PT Bank Ina Perdana Tbk (Bank Ina) kini resmi berstatus sebagai Bank Kustodian setelah memperoleh izin dari Otoritas Jasa Keuangan (OJK) melalui surat keputusan tertanggal 15 November 2024.
Dengan status ini, Bank Ina dapat menyediakan layanan kustodian bagi nasabah institusi maupun individual, baik lokal maupun internasional.
Direktur Utama Bank Ina, Henry Koenaifi, menyampaikan bahwa layanan ini dirancang untuk mendukung perkembangan industri pasar modal serta memberikan kontribusi bagi sektor perbankan.
Saat ini, Bank Ina menjadi bank ke-28 dari 106 bank umum di Indonesia yang memiliki layanan kustodian. “Kami juga menjadi satu-satunya bank KBMI 1 yang aktif menawarkan layanan Bank Kustodian di Indonesia,” ujar Henry dalam keterangannya pada Selasa (11/2).

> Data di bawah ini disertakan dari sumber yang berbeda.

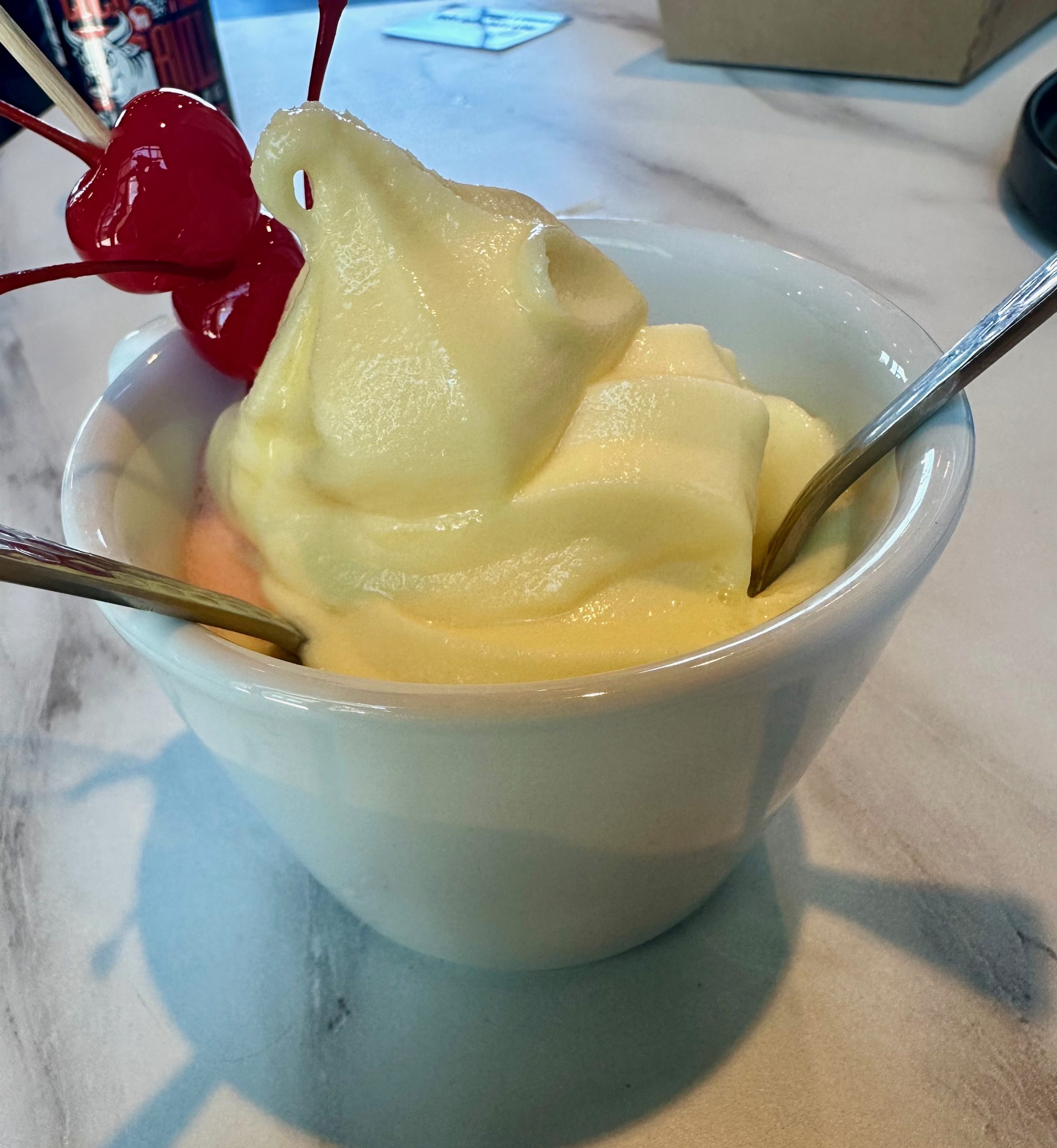 There are five desserts on the menu. In that summer has unleashed its fiery heat (usually accompanied by fierce winds), it made sense to have the most cooling dessert available. That would be the pineapple whip, a pineapple soft-serve. My Kim let me have the three cherries impaled on a plastic sword, but the pineapple whip was hers alone. She called it refreshing and delicious, a perfect balm for a sweltering summer day.
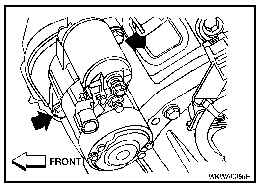 5. Remove the two starter mounting bolts, using power tools.

Ia menambahkan bahwa pencapaian ini menjadi tonggak penting dalam perjalanan bisnis Bank Ina untuk terus berkembang secara berkelanjutan, akuntabel, dan berkontribusi bagi kemajuan pasar modal nasional. Bank Ina juga berkomitmen untuk terus berinovasi dan meningkatkan kualitas layanan demi memenuhi kebutuhan para pemangku kepentingan serta mendukung pertumbuhan ekonomi Indonesia.
Direktur Utama PT Kustodian Sentral Efek Indonesia (KSEI), Samsul Hidayat, berharap kehadiran Bank Ina sebagai pemegang rekening KSEI yang menyediakan layanan kustodian dapat meningkatkan kualitas layanan dan infrastruktur pasar modal.
Sebagai bentuk kesiapan dalam operasional layanan kustodian, Bank Ina telah menjadi Pemegang Rekening Efek (BINA) di KSEI sejak 10 Desember 2024. Bank Ina juga secara resmi menjadi anggota Dana Perlindungan Pemodal (DPP) yang dikelola oleh Securities Investor Protection Fund Indonesia (SIPF Indonesia).
Senada dengan hal tersebut, Direktur Perdagangan dan Pengaturan Anggota Bursa PT Bursa Efek Indonesia, Irvan Susandy, menyatakan harapannya agar layanan kustodian Bank Ina menjadi pilihan utama investor serta memberikan keamanan dan kepastian dalam berinvestasi.
“Semoga layanan ini dapat memberikan nilai tambah bagi Bank Ina sebagai lembaga keuangan yang terpercaya dan berdaya saing tinggi,” pungkasnya.